Оживающие органы фиксировали только самые элементарные вещи: горизонтальное положение и непомерную жажду жизни.
Мысль-вопрос, взламывающая черепной футляр, была снова той же:
- Где это я? А?
Но все попытки мыслительного процесса разбивались вдрызг о бетонную твердость мозга и заваливали пути пробудившимся инстинктам.
Все болело, словно тело использовали в качестве нарт в гонках на оленьих упряжках. Глаза категорически не открывались. Их было проще прорезать где-то на новом месте.
- Помер что ли? Хреново как-то получилось… Люди ждут, да и комдив расстроится, что вовремя не приехал…
Щелк! Пауза.
Если в натуре помер, то кто-то в фуражке швейцара на копытцах или с крыльями сам придет, мол: “Чего разлегся? Пошли уж”.
И снова темно и тихо.
Да! Еще и тепло…
……………………………………………………………………………………
Второе пробуждение принесло все, свойственное человеку скорее живому, нежели сильно зажмуренному.
Глаза наконец-то поочередно открылись, в ноздри попер какой-то жилой, почти домашний запах.
Сигнал, засланный из любопытства в мозг, начал проворачивать суставы пальцев рук и ног слева направо, сверху вниз. Ответный сигнал подтвердил наличие и тех и других, к тому же в исправном состоянии.
Потом пришла БОЛЬ.
Пришла и сразу заняла всю голову. Как она там уместилась? Просто арбуз в майонезную банку.
Но и это было жутко в радость: болит, значит есть чему. А если сильно болит, значит этого самого “чего” осталось много, или, по крайней мере, на жизнь хватит.
Также болела морда справа. Тупо и с подергиваниями, будто били по ней сапогом или влетел он с размаху в запертую стеклянную дверь с полным расплющиванием мягких тканей лица и истеричным хохотом тех, кто это видит с обратной стороны.
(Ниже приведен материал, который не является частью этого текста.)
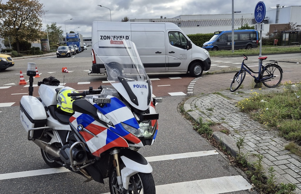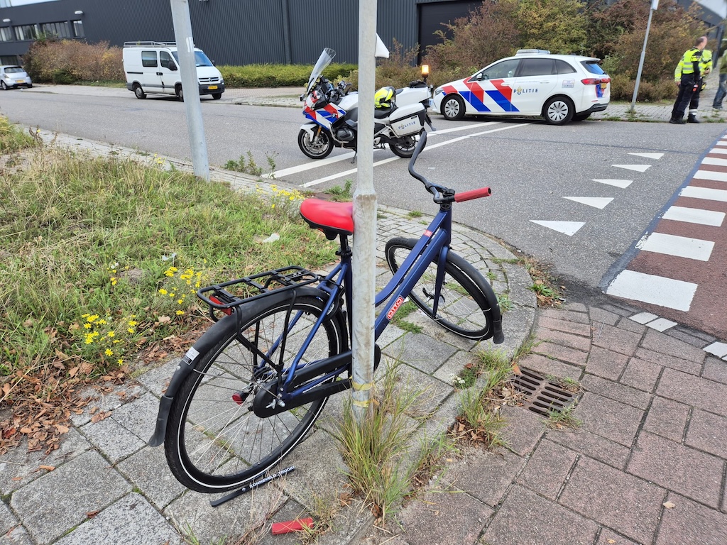 De automobilist zag de fietser vermoedelijk over het hoofd en reed hem recht aan. De klap was fors: de fiets liep zware schade op en ligt aan diggelen.
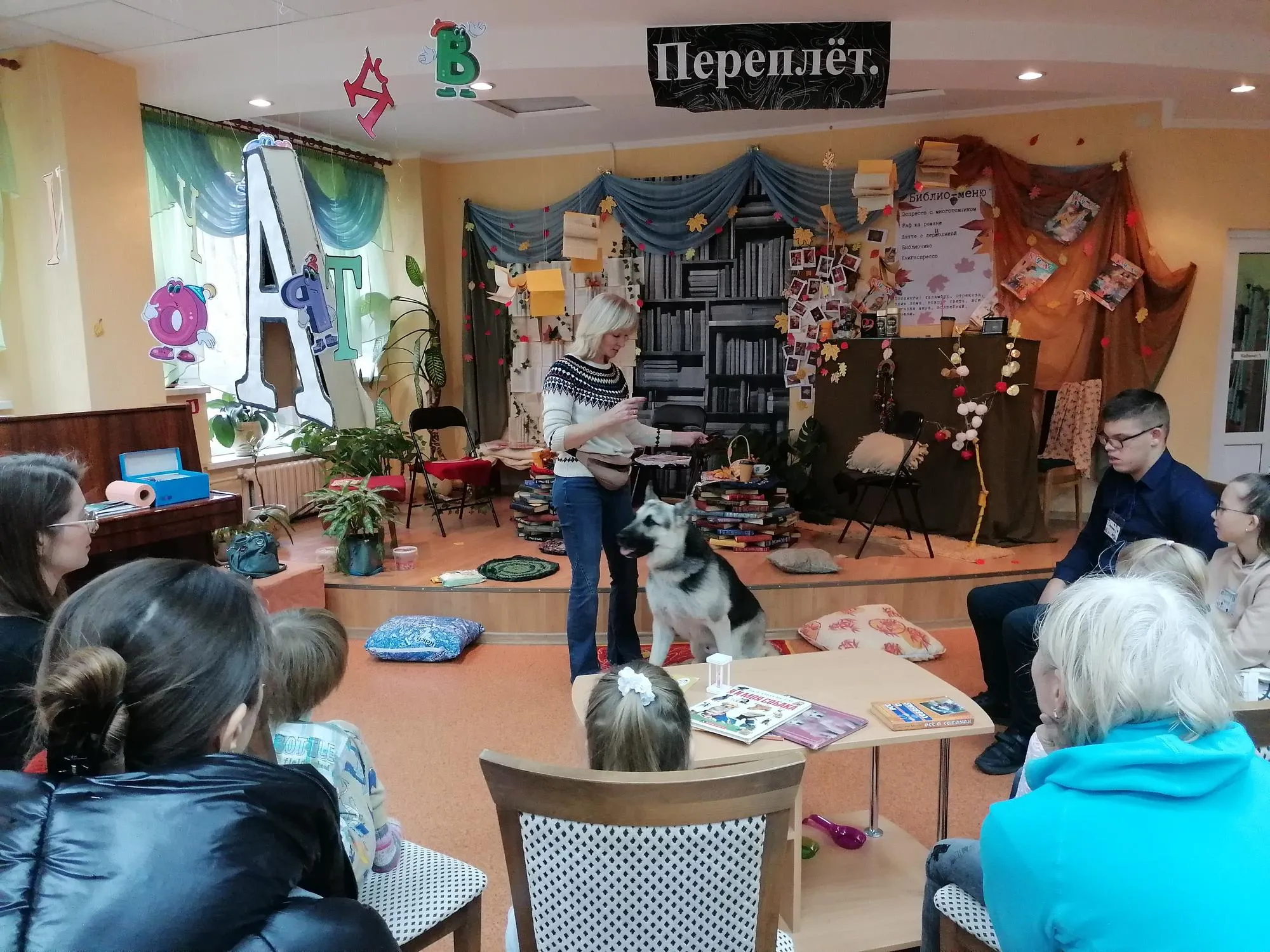 Необычная встреча, наполненная добротой, трепетом и детским восторгом, прошла на днях в Городской детской библиотеке. На занятие кружка развивающего чтения «СоЧитайка» заглянул вместе со своей хозяйкой пёс Граф.
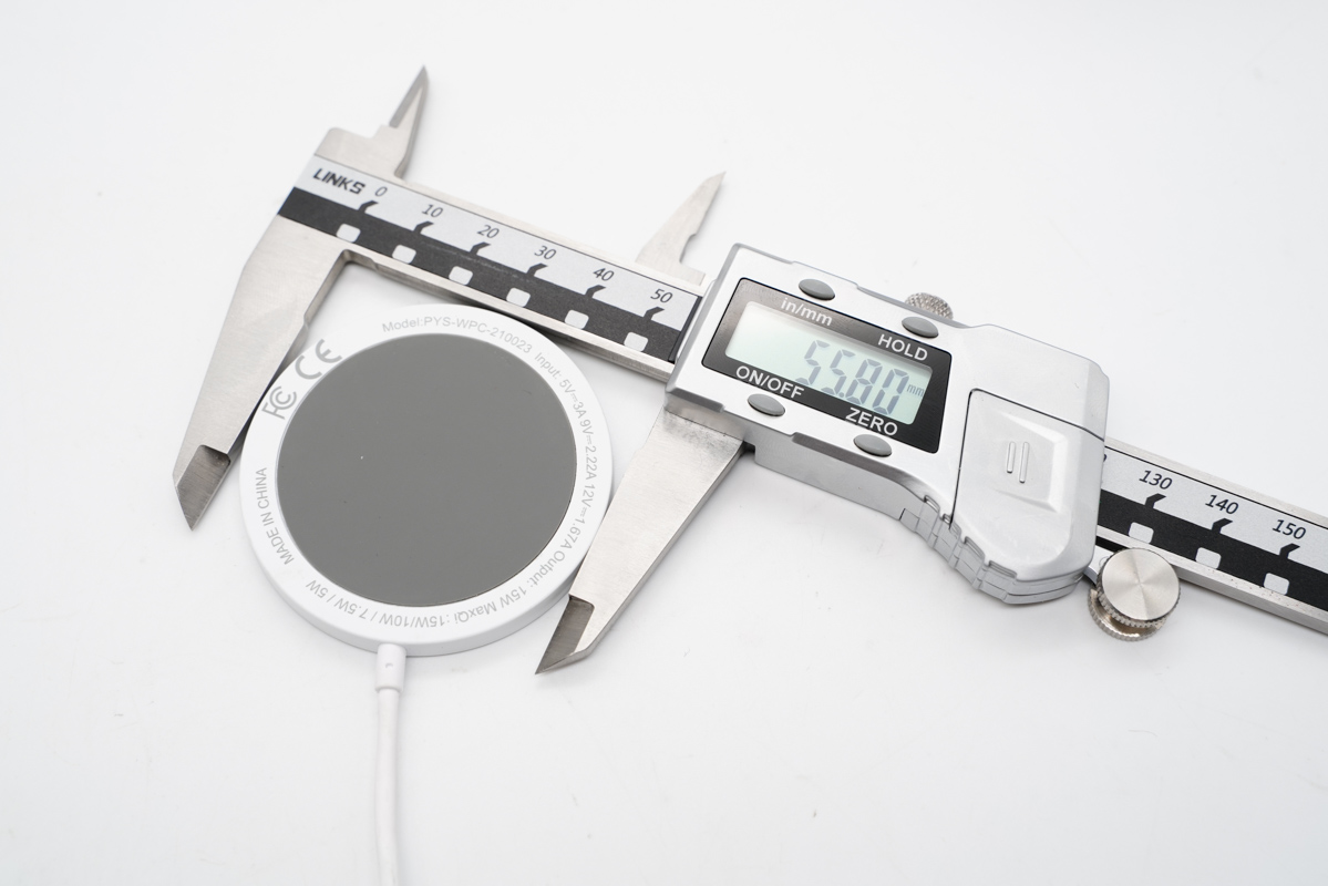 作为对比,苹果原装MagSafe磁吸无线充电板的直径约为55.81mm。可以看出二者大小几乎一致。
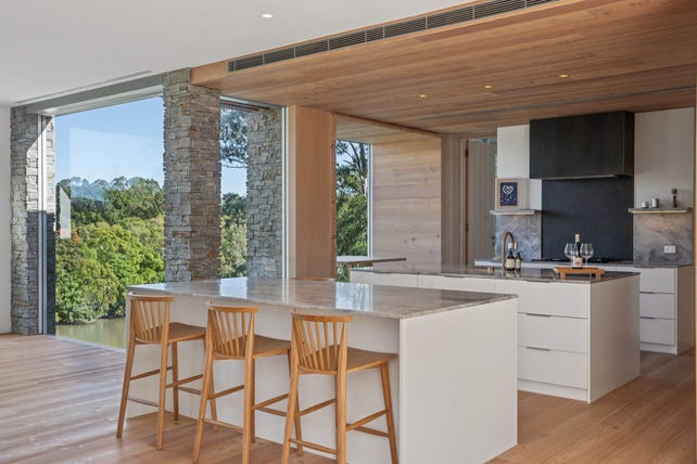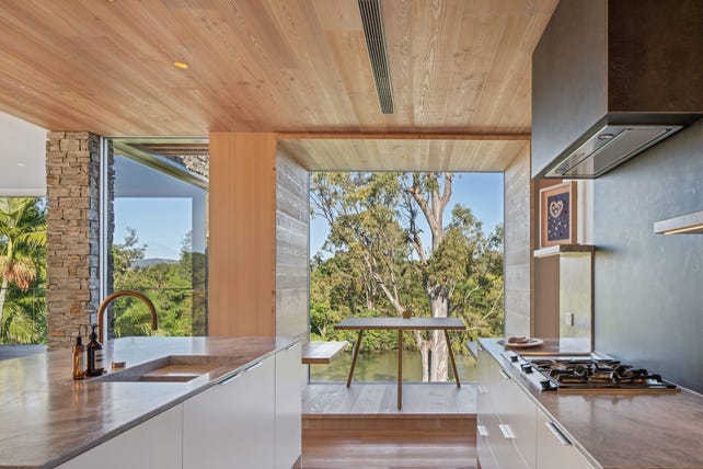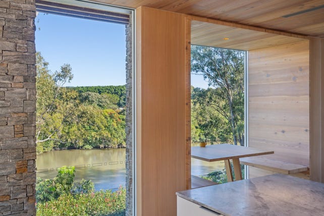 Internally, innovation meets scale. Towering ceilings are grounded by wide-profile, white-oiled Larch floors. An engineered slimline sliding door system, the first of its kind in Queensland, seamlessly dissolves boundaries between inside and out. At its heart, a sculptural two-way fireplace anchors voluminous living zones, while a gourmet Gaggenau kitchen, defined by dual Tuscan marble islands, brushed copper tapware, and a riverfront breakfast nook, becomes the soul of the home.

Темень стала понемногу отступать перед остротой зрения в “единицу”, и минут через пять это принесло реальные результаты, с которыми, правда, пока было не ясно что делать.
Помещение оказалось казенным. Это красноречиво подтверждалось наличием кожаного дивана под собой и застекленного письменного стола слева. Чисто конкретный служебный кабинет государственного розлива.
Милиция?
Кто бы спорил. Но за какие такие заслуги перед Отечеством тебя заносят в кабинет начальника, которого ты не знаешь, потому как в этой части света первый раз. И в какой же тогда “люкс” должны положить Кепа, который в форме парня служивого да еще в офицерском звании?!?
А тогда чего волноваться-то?
Совершенно незачем волноваться. А уж корешу завидовать тем более. В комендатуре родимой было бы похуже. Нет, пыток каленым железом или вздергиванием на дыбу там не было бы, но и кожаного дивана никто бы не предложил.
Милиция же вместе с комендатурой рука об руку наводит порядок только в славном городе Севастополе. Это там не важно: кто тебя замел и в “газике” какой раскраски тебя любезно пригласили проехаться. А в иных приводных регионах все не было так запущено.
Здесь милиция занималась, в основном, теми, кто “кое-где у нас порой честно жить не хочет”. А так как Карабас к тем нехорошим людям из “кое-где” не относился, то сразу поверил в хорошее.
Поверил и снова уснул. Ненадолго. Ровно на столько, сколько требовалось молодому и упрямому организму, чтоб вернуться в состояние “До”.
Следующее пробуждение началось с любопытства:
- Интересно: а где шапка, куртка, сапоги и портфель?
Для попутчика и бывшего букета места в длинном списке не нашлось.
Любопытство - движетель многого, если не всего. Витек в данном случае не был исключением. Он сполз с почти родного дивана, подтянул носочки и двинулся к столу. Носки, вернее их наличие, вселяло уверенность в действиях.
Это босой человек весь подвержен страхам и сомнениям, а в носках его уже на понт не возьмешь: то ли он куда-то собирается, то ли пришел, а тапочек на месте нет. В носках только по снегу бегать не совсем удобно, даже если ты еще и в трусах. Но об этом пусть вспоминает его сослуживец Прохор, если к тридцати годам не научился предохраняться от неожиданных обстоятельств.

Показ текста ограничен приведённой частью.